WHAT YOU HAVE TO DO
Print, please, exactly the lines from the one with "Each Hearts &" through the final line of the data below, with both ends included and the pictures left out.

* * *

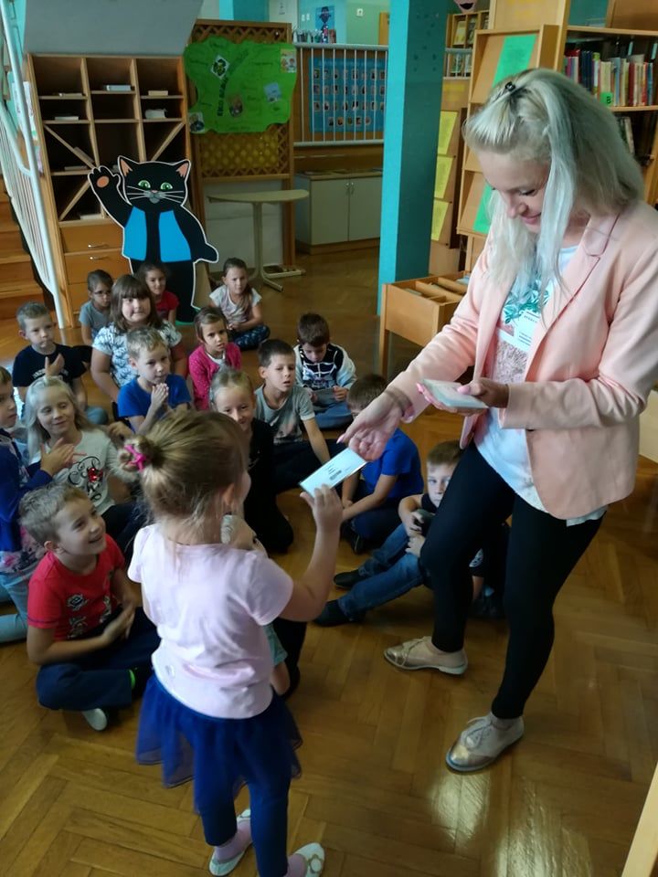 Ponovno smo vstopili v novo šolsko leto, ki tako otrokom kot staršem in učiteljem prinaša kopico dolžnosti in obveznosti, verjamem pa, da bomo v tej naglici našli tudi čas za branje kakovostnih knjig. 2. 9. je v matično in podružnično šolo zakorakalo 35 prvošolcev. Trudimo se otrokom čim bolj privzgojiti bralno kulturo, zato izvajamo številne dejavnosti, ki spodbujajo branje otrok. Veliko otrok je v preteklih letih že večkrat obiskalo šolsko knjižnico z vzgojiteljicami iz vrtca, tako da jim prostor ni tuj. Vsi so že komaj čakali dan, ko bodo lahko kot šolarji vstopili skozi vrata knjižnice, zato smo se odločili, da že kar drugi teden v septembru sprejmemo naše najmlajše v šolsko knjižnico. Ob tokratnem posebnem obisku knjižnice smo se še natančneje seznanili s knjižničnim redom ter s potekom izposoje in vračila gradiva. Na koncu je vsak prejel svojo člansko izkaznico, knjižno kazalo in razglednico s prikupno ilustracijo, vezano na branje. Vsi učenci so v dar prejeli še slikanico Škrat Kuzma dobi nagrado avtorice Svetlane Makarovič z ilustracijami Tomaža Lavriča.  Knjige tudi letos podarja Društvo Bralna značka Slovenije ob zvesti podpori sponzorjev in Javne agencije za knjigo Republike Slovenije. Knjigo prejmejo prvošolci po celi Sloveniji in slovenski otroci zunaj slovenskih meja.
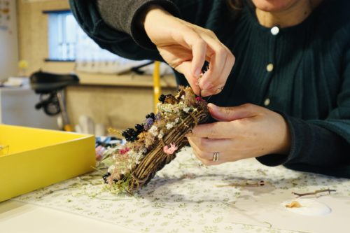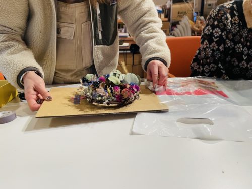向きをそろえながら色んな種類のドライフラワーを刺してゆきます。少しずつ先生の見本に近づいてるかな?
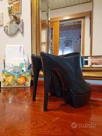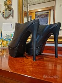 Sabot/Mules Numero 42. Morbide e comodissime. Adatte per ragazza/donna. Pelle nera con Punta Rotonda, Piattaforma cm. 5 e Tacco a Spillo in pelle nera cm. 15 aperte dietro. Foderate internamente in pelle nera. Zeppa e tacco a spillo foderati in pelle nera. Adattissime per discoteca, night, casa, relax. Nuovissime, indossate solo per prova sulla moquette. Mai usate oltre la prova, neanche in casa. Suola perfetta, con la pellicola trasparente di protezione ancora da togliere. Pianta comoda. Vendo per numero errato piu' corto del dichiarato. Calza perfettamente 40-41. Acquistate ad Euro 71.39 vendo ad Euro 50.00 compresa spedizione. Assicurasi contenuto anonimo. Spedizione velocissima. Fornisco Tracking Number di Poste Italiane. Spedisco appena ricevuto il pagamento.
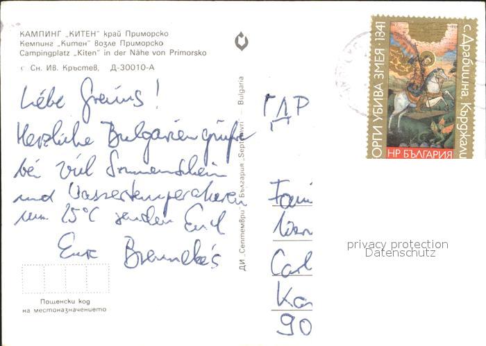 old postcard Primorsko Camping Kiten Strand postalisch gelaufen Erhaltung siehe scans
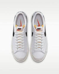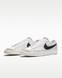 Praised by the streets for its classic simplicity and comfort, the Nike Blazer Low '77 Vintage returns with its low-profile style and heritage b-ball looks. Featuring luscious suede details, a retro Swoosh design and a super-soft collar, it's the must-have wardrobe staple that will take you everywhere. Benefits - Originally designed for performance hoops, the Nike Blazer Low offers durability and comfort that lasts. The nearly 1-to-1 remake features crisp leather on the upper with soft suede and synthetic details for added durability and throwback styling. - The ultra-clean colors, simple lines and low-cut, padded collar creates a sleek look that feels great. - The vulcanised construction fuses the outsole to midsole for a streamlined look that's durable and comfortable. - The solid rubber outsole with herringbone pattern adds traction, durability and heritage styling. Product Details - Shown: White/Sail/Black - Style: DA6364-101
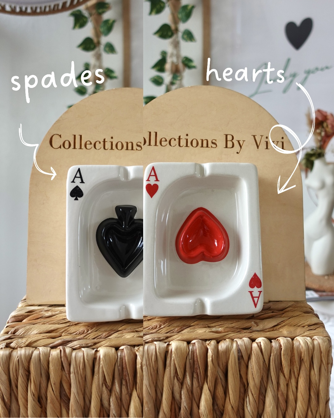 Each Hearts & Spades jewelry and ashtray piece is carefully handcrafted by skilled artisans, blending functional design with artistic expression. Featuring bold card-inspired motifs and refined detailing, every piece is one of a kind, balancing durability, elegance, and timeless character. By choosing these handmade designs, you support artisanal craftsmanship while adding a distinctive statement piece to your everyday space.
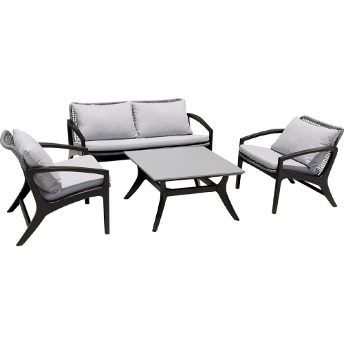 Armen Living 840254336100 Brighton 4 Piece Outdoor Loveseat Set Dark Wood, Grey Rope & White Fabric

* * *

EXERCISE RESULT
 Each Hearts & Spades jewelry and ashtray piece is carefully handcrafted by skilled artisans, blending functional design with artistic expression. Featuring bold card-inspired motifs and refined detailing, every piece is one of a kind, balancing durability, elegance, and timeless character. By choosing these handmade designs, you support artisanal craftsmanship while adding a distinctive statement piece to your everyday space.
 Armen Living 840254336100 Brighton 4 Piece Outdoor Loveseat Set Dark Wood, Grey Rope & White Fabric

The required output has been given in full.